NHS FTAs Derby City Council’s Meeting To Discuss Dentistry

NHS FTAs Derby City Council’s Meeting To Discuss Dentistry

In a ‘you couldn’t make it up’ story, NHS spokespeople pulled out, at the last minute, from attending a specially convened meeting of Derby City Council’s Adult and Health Scrutiny Review Board which had been convened to discuss city councillor’s grave concerns surrounding access to NHS dental services.

Following an approach from the Adult and Health Scrutiny Review Board and council’s Children & Young People Scrutiny Review Board, NHS England / Improvement had submitted a comprehensive report which councillors on the all-party committee were poised to grill the NHS representatives about in public with the meeting streamed live on YouTube. 
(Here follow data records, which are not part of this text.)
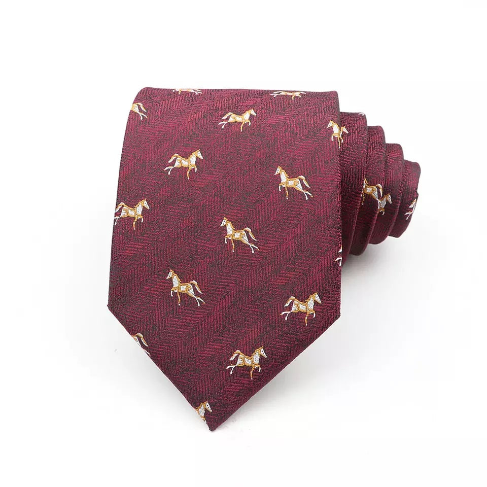 Add the perfect touch of sophistication to your look with a 8cm Burgundy Tie with Horses. Crafted from high-quality fabric, this tie is sure to make a statement. The bold burgundy background and horse pattern provides a modern twist on a classic design, making it a timeless accessory for any occasion.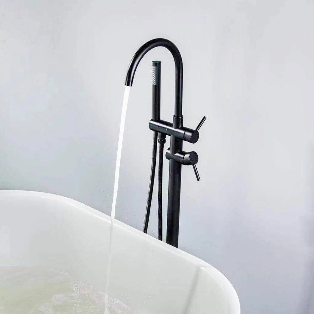 This elegant minimalistic freestanding faucet is what you are looking for to match your beautifully remodeled bathroom. Featuring durable ceramic cartridge, solid 304 stainless steel construction, crafted tubular handheld showerhead, temperature control knob. Easy to install floor mounting with long flexible inlet hoses and trim plates.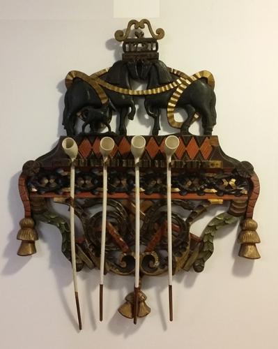 Pijpenrek voor aan de wand met drie paarden en 1721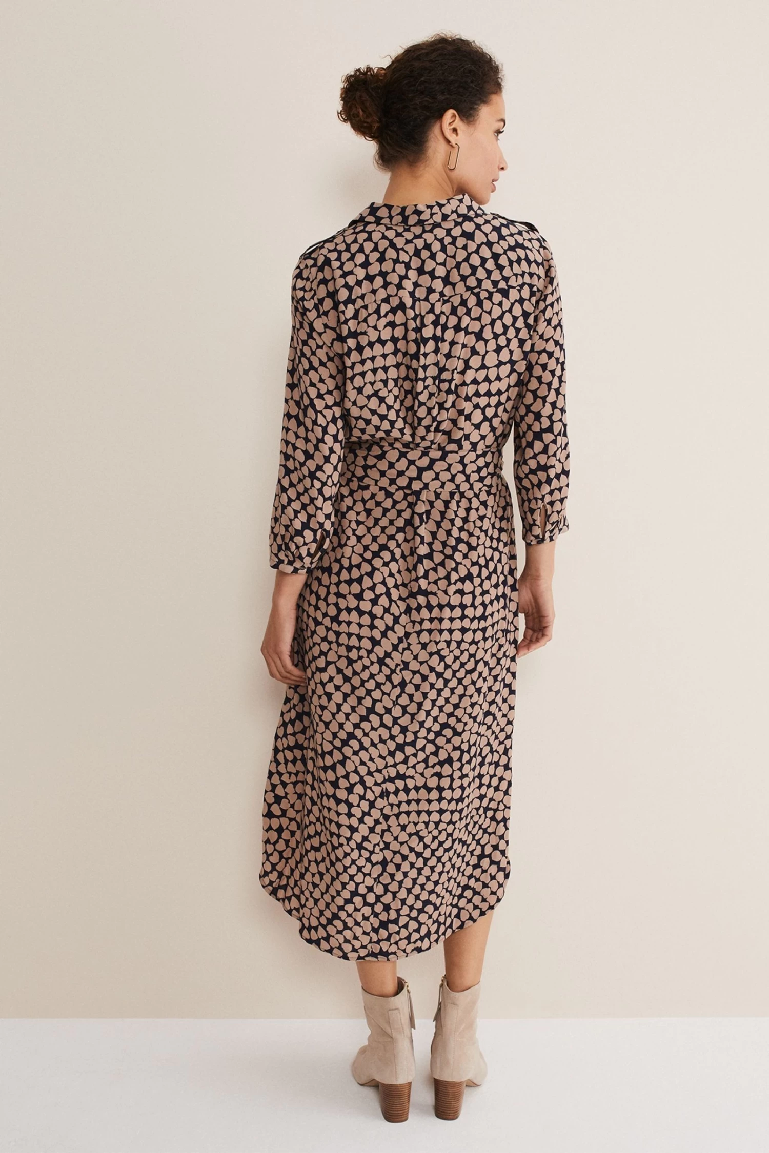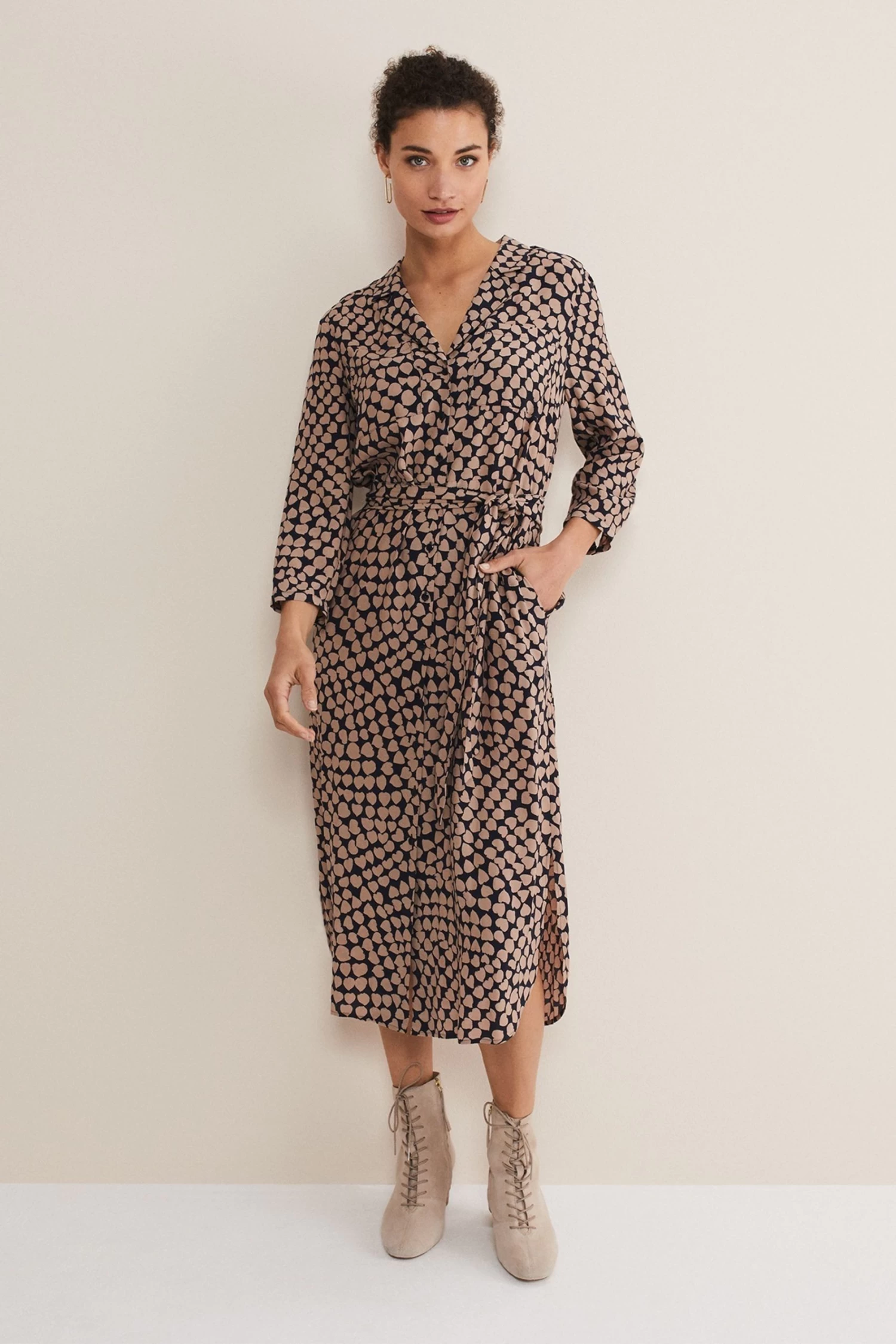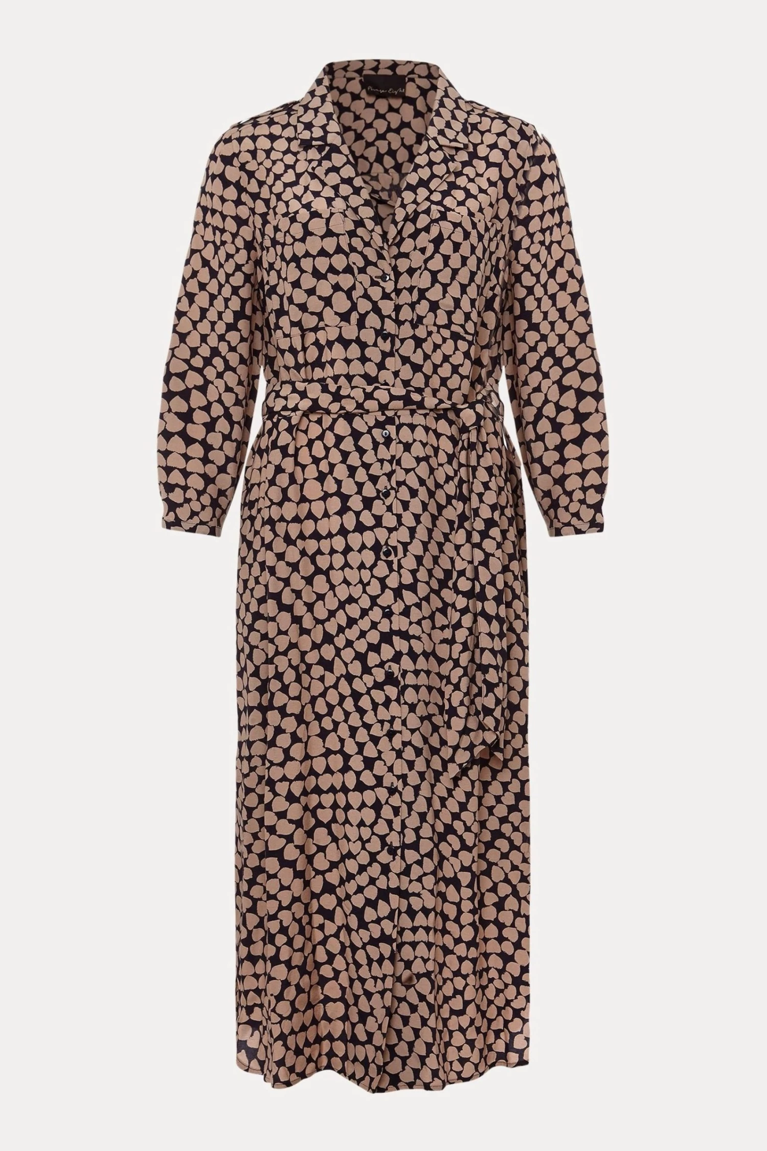 Our stunning heart print in a new dress style. Our Kesia dress is designed with contrast coloured love hearts to a flattering shirt dress silhouette with a self-tie waist belt. We wear ours with boots for the perfect desk-to-dinner look.

However, Committee Chair Cllr Alison Martin opened the meeting held on Tuesday last week, announcing “unfortunately, I have to report, that two hours before this meeting, we were told by Rosemary Lynch, who is the Senior Commissioning Manager for Dental Services in the East of the country that she had been instructed by NHS England that she cannot attend this meeting”. 

The reason given for the NHS’s non-appearance was the proximity of the meeting to the local elections, the date of which was well known in advance of the meeting which had also been booked some time earlier, after councillors had been endeavouring to organise one for ten months.
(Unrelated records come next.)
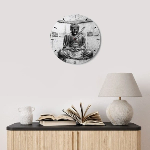 Nástenné hodiny - Pri zdroji pokoja - Socha Budhu v monochromatickom štýle na stene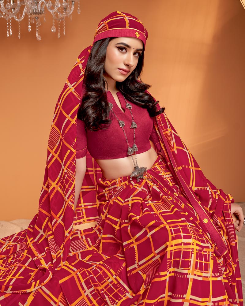 Vishal Prints Brick Red Printed Georgette Saree With Fancy Border
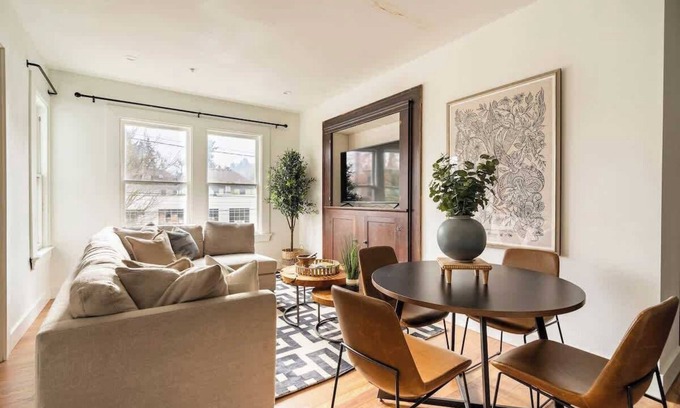 This 3-bedroom apartment is the perfect launch pad for exploring NW Portland. Just steps from NW 23rd Ave, you’ll be surrounded by top-rated dining, boutique shopping, and walkable charm. Inside, enjoy vintage character with modern comfort—fast WiFi, Smart TV, full kitchen, and comfy sleeping arrangements for families or groups. Perfect for longer stays or weekend escapes in Portland’s best neighborhood.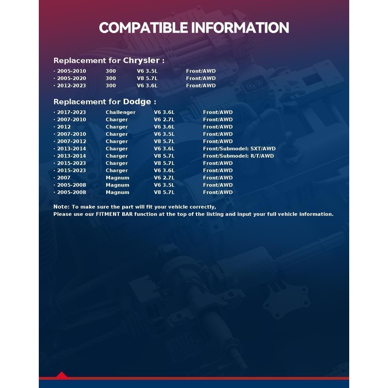 - 【Vehicle Compatible】:513225 Wheel Bearing and Hub Assembly fits for 2007-2023 Charger, 2005-2023 300, 2017-2023 Challenger, 2005-2008 Magnum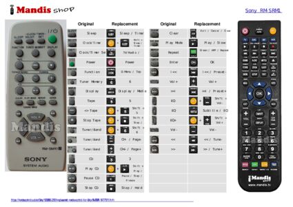 This remote control fully replaces your RM-SMR1 (147771511) and offers all the functions of the original.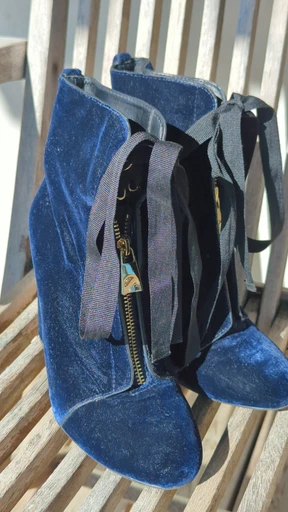 Stylish velvet blue ankle boots featuring ribbon laces and side zippers for easy wear. The boots show minimal wear on the soles and are in very good used condition, with no visible signs of damage to the fabric. Perfect for adding a touch of elegance to any outfit. Size 37 eu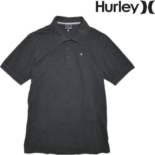 1点物◆ハーレーHURLEY黒ワンポイント半袖ポロシャツ古着メンズL/XLレディースOKアメカジブランド90sストリート/スポーツ/ブラック558824
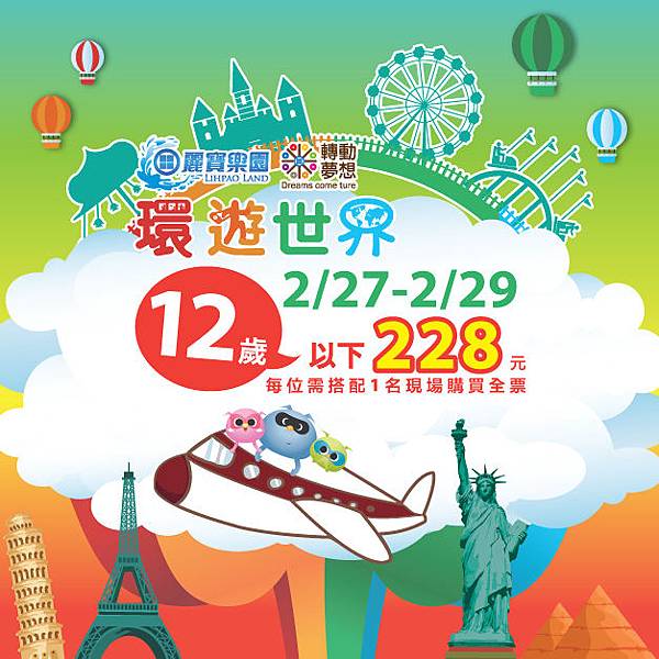 麗寶樂園也提醒民眾,去年觀光局發行的樂園消費優惠券效期只到2/29為止,麗寶樂園將原政府消費優惠券的「2人同行1人免費」,在228連假期間加碼優惠為「3人同行2人免費,第4、5人另享全票半價」,還沒有使用的民眾要把握最後這一波優惠,各項活動內容及優惠訊息,可上麗寶樂園官網 http://www.lihpaoland.com.tw或粉絲團查詢。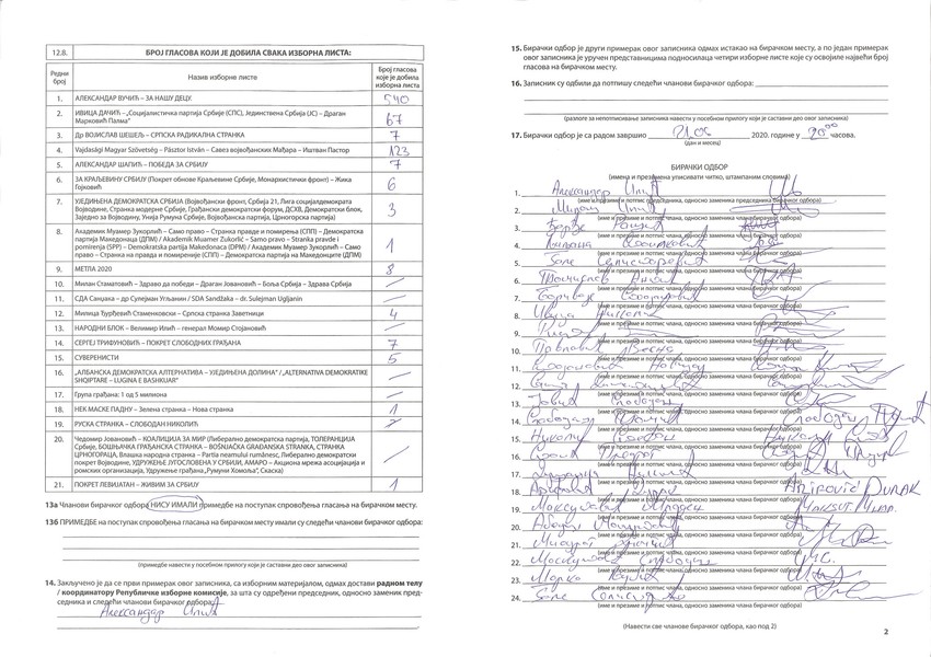 Kad Koštana igra čardaš: Vrhunac apsurda, faksimil zapisnika sa jednog od biračkih mesta u Vranju, gde je na parlamentarnim izborima SVM osvojio treće mesto
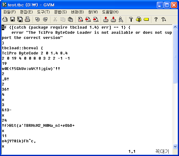 이것으로 바이트 코드로 컴파일된 test.tbc 파일이 생성됩니다. 이 tbc 파일을 수행하기 위해서는 tbcload 확장 패키지가 필요하지만, ActiveTcl에는 기본으로 포함이 되어 있어 다음과 같이 실행하기만 하면 그만입니다.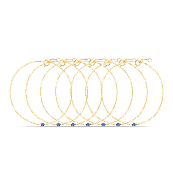 Handcrafted in 14k solid gold (yellow, white, or rose), featuring a 0.09 cttw natural blue sapphire in your choice of round, baguette, or pear shape. 7” cable chain with adjustable jump ring at 6.5”.

The council’s legal officer saw no conflict of interest.

Councillors expressed ‘outrage’ of the failure of NHS managers to attend and account in public for the inability of so many Derby residents to access NHS dentistry. 

Councillors spoke of entire families (including children) being taken off practice lists and citing that in Derby the NHS’s report revealed that 27% of five year olds had visible dental decay in 2018-19 – a figure that’s above the national average.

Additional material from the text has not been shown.